Methods: We developed a precisely controlled system for multi-sensory (auditory, visual, and tactile) stimuli delivery endowed with the capacity to monitor eye gaze, peripheral physiological, and electroencephalogram (EEG) data. We designed a mechatronic device to simulate affective touch, which can be synchronized with other sensory deliveries. All the data can be captured with user-defined event markers for later data segmentation. A feasibility study with 10 participants aged between 3- to 20-months-old was conducted. All participants watched a series of videos where a female actress was seen and heard reciting a prepared English or Spanish monologue. To determine how much time participants spent gazing at core areas of the face, we defined three principal regions of interest (ROIs) around the eyes, the nose and mouth, respectively, on the face of the talker. The videos were played twice in random order. We manipulated the affective touch simulation device to stroke the participants’ forearms for one of the identical stimulus displays.

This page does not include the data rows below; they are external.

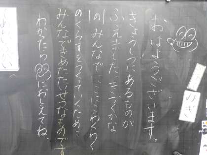 8日の1年生の教室の黒板の答えは、じゃか、じゃ〜ん。 クラス目標の掲示物だそうです。 子どもたち自身の似顔絵の中に、担任の先生も入っています。 見つけられるでしょうか? 温かく優しい癒しのエネルギーが掲示物から出ているような気がします。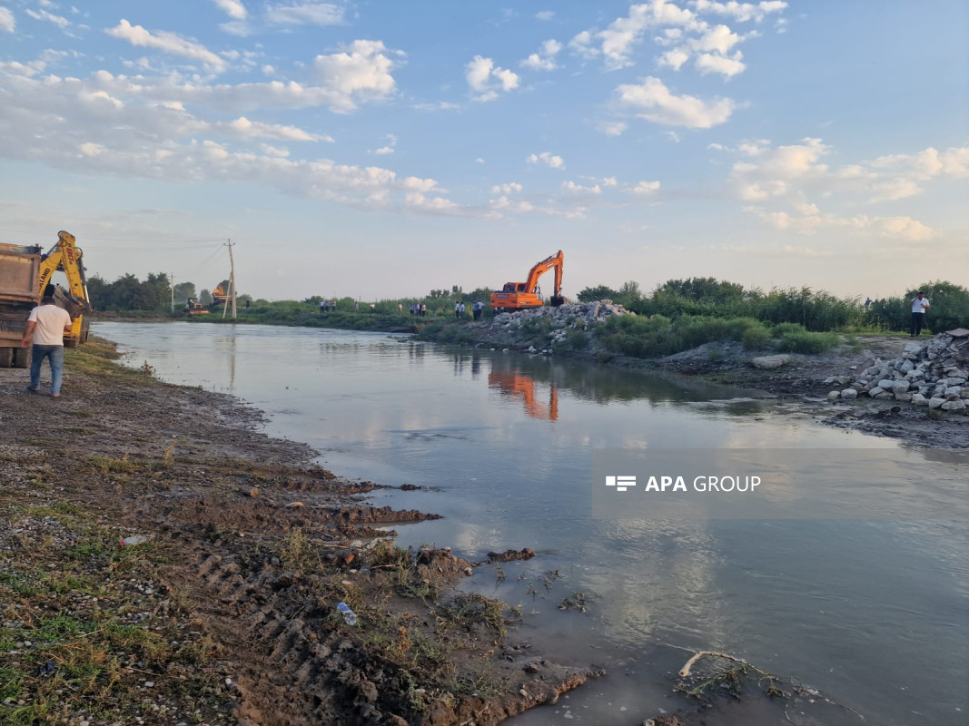 Hazırda aidiyyəti qurumlarla koordinasiyalı şəraitdə su kanalının bəndinin uçmuş hissəsinin bərpası işləri davam etdirilir.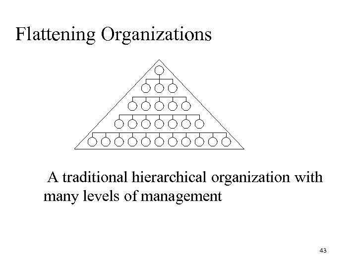 Flattening Organizations A traditional hierarchical organization with many levels of management 43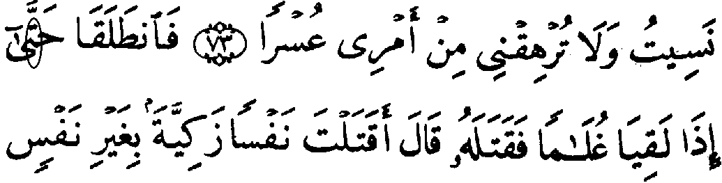 - முதல் வரியில் 'மூல' குர்‍ஆனில் 18:74ம் வசனத்தில் "லாம்" காணப்படுகிறது ஆனால், தற்கால அரபி குர்‍ஆன்களில் "லாம்" எழுத்திற்கு பதிலாக "ட (ta)" என்ற எழுத்து காணப்படுகிறது.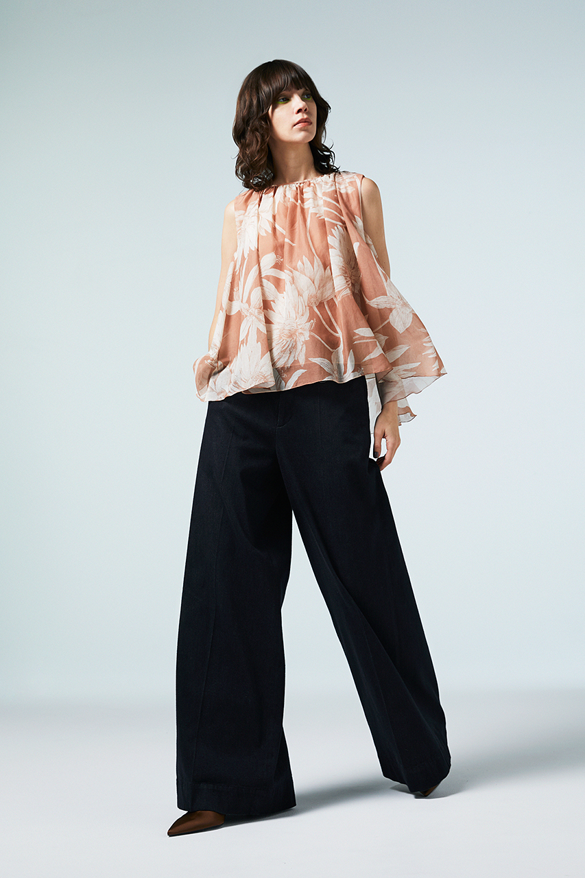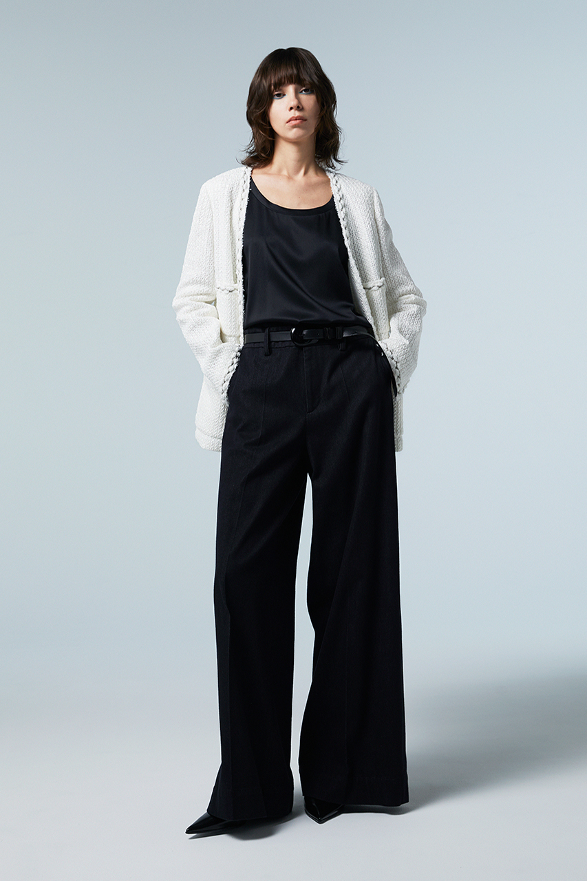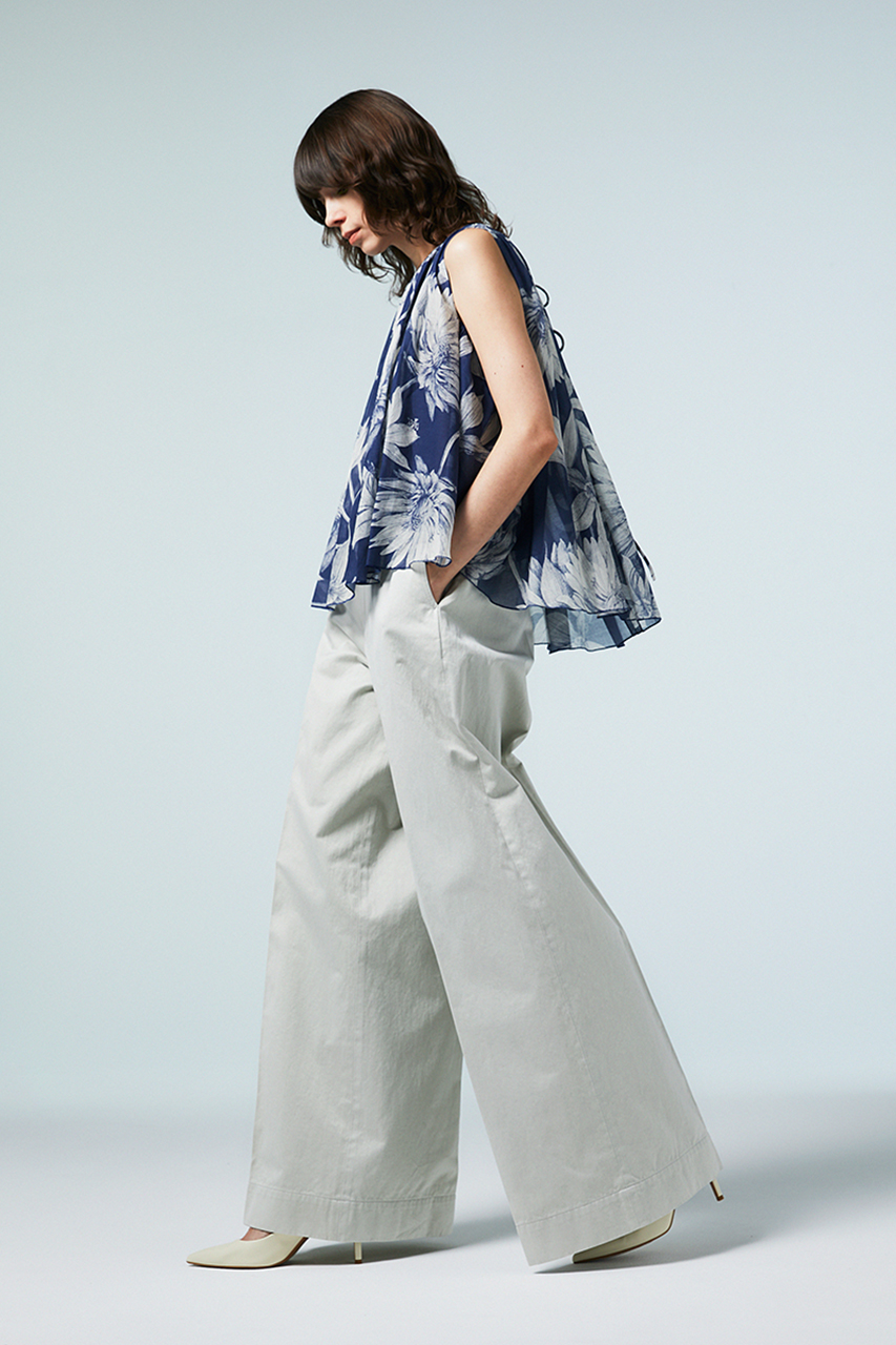 プリントブラウスに合わせたい、洗練されたパンツをご紹介。立体的なラインが魅力のバレルパンツは、小柄な方にも美しくなじみ、モード感のあるバランスを演出。落ち感のあるワイドレッグパンツは、軽やかなブラウスとも好相性で、上品な抜け感をプラスします。今シーズン初登場となるデニムパンツのバリエーションにも注目。ワイドレッグデニムは、すっきりとさせた腰周りとボリューム感のある足元のコントラストがモードなシルエット。もう一方のワイドストレートデニムは、ほどよいゆとりと直線的なラインが魅力で、華やかなトップスをデイリーに取り入れたいときに最適です。多彩なボトムスのシルエットで、夏のスタイリングを品良く引き立てます。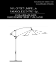 Item/Article # 1000 811 831 Model/Modèle # WG08G 10ft. OFFSET UMBRELLA PARASOL EXCENTRÉ 10pi. USER AND CARE GUIDE GUIDE D’ENTTRETIEN ET D’UTILISATION Item/Article # 1000 811 831 Item # 1000-721268 Model/Modèle # WG08G Model # WG08 10ft. OFFSET UMBRELLA PARASOL EXCENTRÉ 10pi. USER AND CARE GUIDE GUIDE D’ENTTRETIEN ET D’UTILISATION PART/ PARTIE PICTURE/IMAGE Quantitÿ QTY PART/ PARTIE PICTURE/IMAGE Quantitÿ QTY Item/Article # 1000 811 831 Item # 1000-721268 Model/Modèle # WG08G Model # WG08 10ft. OFFSET UMBRELLA PARASOL EXCENTRÉ 10pi. USER AND CARE GUIDE GUIDE D’ENTTRETIEN ET D’UTILISATION Assembly/Montage STEP/ÉTAPE 1 Assemble the umbrella stand. Monter le pied de parasol. A A B Item/Article # 1000 811 831 Item Item ## 1000-721268 1000-721268 Model/Modèle # WG08G Model Model ## WG08 WG08 10ft. OFFSET UMBRELLA 10ft. OFFSET UMBRELLA PARASOL EXCENTRÉ 10pi. USER AND CARE GUIDE GUIDE D’ENTTRETIEN ET D’UTILISATION STEP/ÉTAPE 2 Assemble the umbrella pole with stand. Assembler le poteau du parasol avec le pied. Item/Article # 1000 811 831 Item Item ## 1000-721268 1000-721268 Model/Modèle # WG08G Model Model ## WG08 WG08 10ft. OFFSET UMBRELLA 10ft. OFFSET UMBRELLA PARASOL EXCENTRÉ 10pi. USER AND CARE GUIDE GUIDE D’ENTTRETIEN ET D’UTILISATION STEP/ ÉTAPE 3 Open the umbrella canopy in different angles. Ouvre le canopée du parasol en différent positions. Item/Article # 1000 811 831 Item Item 1000-721268 Item ### 1000-721268 1000-721268 Model/Modèle # WG08G Model # Model WG08 Model ## WG08 WG08 10ft. OFFSET UMBRELLA 10ft. OFFSET UMBRELLA PARASOL EXCENTRÉ 10pi. USER AND CARE GUIDE GUIDE D’ENTTRETIEN ET D’UTILISATION STEP/ ÉTAPE 4 The umbrella can be opened in the horizontal position. Use cross base weights or bolts to secure (weights/securing bolts are not included). Le parasol peut étre ouvert dans la position horizontale. Utilisez des poids de base ou des boulons pour fixer le parapuluie/croix de base de parapluie à la surface. Item/Article # 1000 811 831 Item####1000-721268 1000-721268 Item Item 1000-721268 Item 1000-721268 Model/Modèle # WG08G Model WG08 Model # Model WG08 Model ###WG08 WG08 10ft. OFFSET UMBRELLA 10ft. OFFSET UMBRELLA PARASOL EXCENTRÉ 10pi. USER AND AND CARE CARE GUIDE GUIDE USER GUIDE D’ENTTRETIEN ET D’UTILISATION Care, Cleaning & Safety 1. Before using, wipe with a clean, dry cloth. Sharp thing will cause damage to the umbrella. When not in use store umbrella in a cool, dry place. 2. In case of rain and/or heavy wind the umbrella has to be taken down and put away carefully. 3. Umbrella should be secured in place with heavy umbrella base. Entretien, Nettoyage & Sécurité 1. Avant d’utiliser le parasol nottoie le toile avec un chiffon séche. Ne pas utiliser d’outils tranchants. L’orsqu’il n’est pas utilise utilisé, ranger-le dans un endroit. 2. Le parasel doit être fermé et enlevé de sa structure dés qu’il y a un vent fort, un orage, une pluie intense ou de la neige. 3. Ne poser le parasol que sur une base lourde et solide. Toujours veiller à une bonne stabilitè du pied du parasol ou pied fixe. Item/Article # 1000 811 831 Item#####1000-721268 1000-721268 Item 1000-721268 Item 1000-721268 Item Item 1000-721268 Model/Modèle # WG08G Model WG08 Model WG08 Model WG08 Model Model #####WG08 WG08 10ft. OFFSET UMBRELLA 10ft. OFFSET UMBRELLA PARASOL EXCENTRÉ 10pi. USER AND AND CARE CARE GUIDE GUIDE USER GUIDE D’ENTTRETIEN ET D’UTILISATION W arranty/Granantie 1. One year limited warranty for fabric. 1. Garantie limitée d’un an pour le tissne/toile. 2. One year limited warranty for frame. 2. Garantie limitée au cadre. Questions, problems, missing parts? Before returning to the store call Customer Service. 8:00 am - 4:00 pm EST Monday- Friday 1-877-527-0313 or 1-866-632-1718 Contact the Customer Service Team at HOMEDEOPT.COM and 1-877-527-0313 or www.partsnservice.com and 1-866-632-1718 Pour toutes questions relative à la maintenance, pour faire appel à notre service réparation ainsi que pour commander des pièces de rechange, veuillez vous adresser à notre centre de service aprée-vente. 8:00 am - 4:00 pm EST Lundi-Vendredi 1-877-527-0313 ou 1-866-632-1718 Contactez l’équipe du service à la clientéle à HOMEDEOPT.COM et 1-877-527-0313 ou www.partsnservice.com et 1-866-632-1718 ">

Results: Seven out of the 10 participants went through all of the experimental procedures. Eye gaze data, peripheral physiological data (PPG and GSR), and EEG data were all properly recorded with event markers. Three participants pulled their arms out of the tactile device in the middle of the experiment, which might be because the current design of the tactile device has difficulty in fixing small arm in place. The data were collected regardless of the absence of the tactile stimulus. Results indicated that participants looked at the stimulus screen 27% of the time, with gaze toward demarcated ROI for 57% of this time. No specific differences in the tactile stimulus conditions were noted across groups (with and without affective touch).
Conclusions: This work describes a novel multi-sensory stimulus delivery system that can record multi-dimensional data in real time. This feasibility study demonstrated that the system is tolerated by infants aged 3- to 20-months-old. Eye gaze data, peripheral physiological data, and EEG data were successfully recorded. Such a system could potentially be used to help study multisensory differences and process differences over time for both high- (e.g., infant siblings of children with ASD) and low-risk infants.